● WHAT THE EXERCISE ASKS:
Could you restate, exactly and with nothing added, the lines from the start of the data through the line that holds "Curea de dama", leaving the pictures out?

● STORED DATA:
|---|

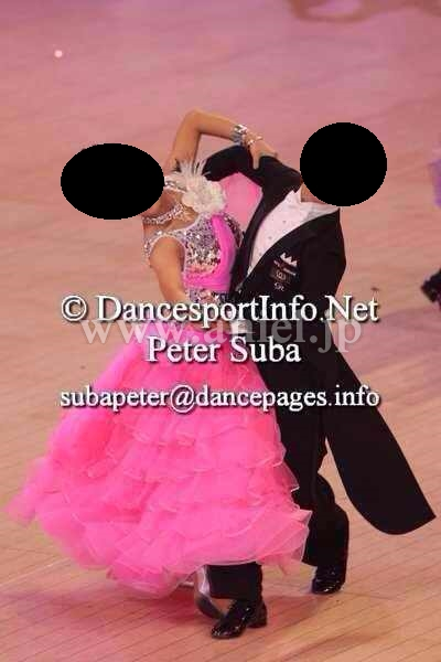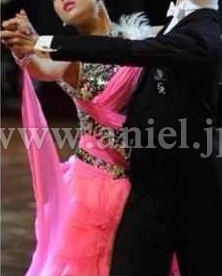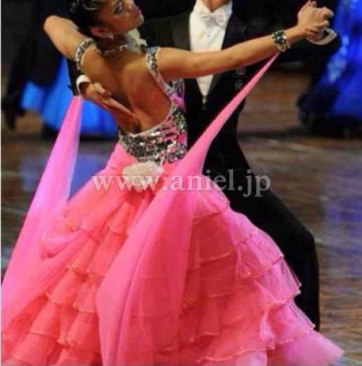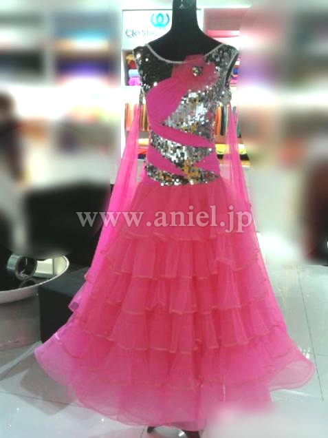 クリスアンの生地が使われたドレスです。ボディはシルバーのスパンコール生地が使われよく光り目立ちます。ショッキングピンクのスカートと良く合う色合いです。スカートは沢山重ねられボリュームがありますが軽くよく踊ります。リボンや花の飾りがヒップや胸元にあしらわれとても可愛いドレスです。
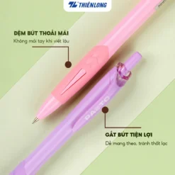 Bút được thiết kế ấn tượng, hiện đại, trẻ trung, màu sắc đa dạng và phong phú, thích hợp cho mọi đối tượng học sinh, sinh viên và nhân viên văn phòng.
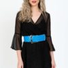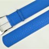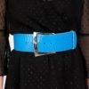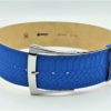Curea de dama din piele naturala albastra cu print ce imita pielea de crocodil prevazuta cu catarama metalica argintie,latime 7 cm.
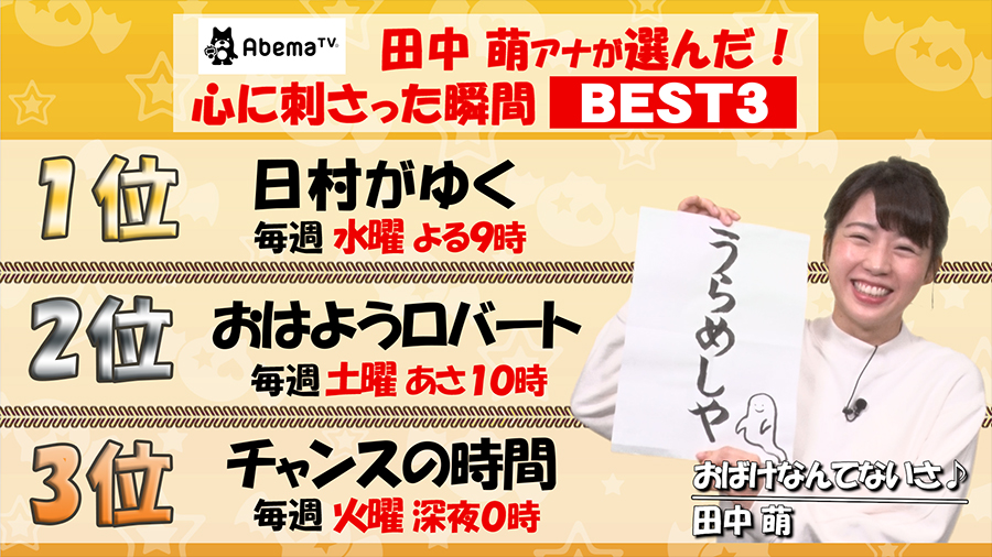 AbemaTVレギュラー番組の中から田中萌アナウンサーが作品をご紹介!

|---|

● ANSWER TO THIS PROBLEM:
 クリスアンの生地が使われたドレスです。ボディはシルバーのスパンコール生地が使われよく光り目立ちます。ショッキングピンクのスカートと良く合う色合いです。スカートは沢山重ねられボリュームがありますが軽くよく踊ります。リボンや花の飾りがヒップや胸元にあしらわれとても可愛いドレスです。
 Bút được thiết kế ấn tượng, hiện đại, trẻ trung, màu sắc đa dạng và phong phú, thích hợp cho mọi đối tượng học sinh, sinh viên và nhân viên văn phòng.
Curea de dama din piele naturala albastra cu print ce imita pielea de crocodil prevazuta cu catarama metalica argintie,latime 7 cm.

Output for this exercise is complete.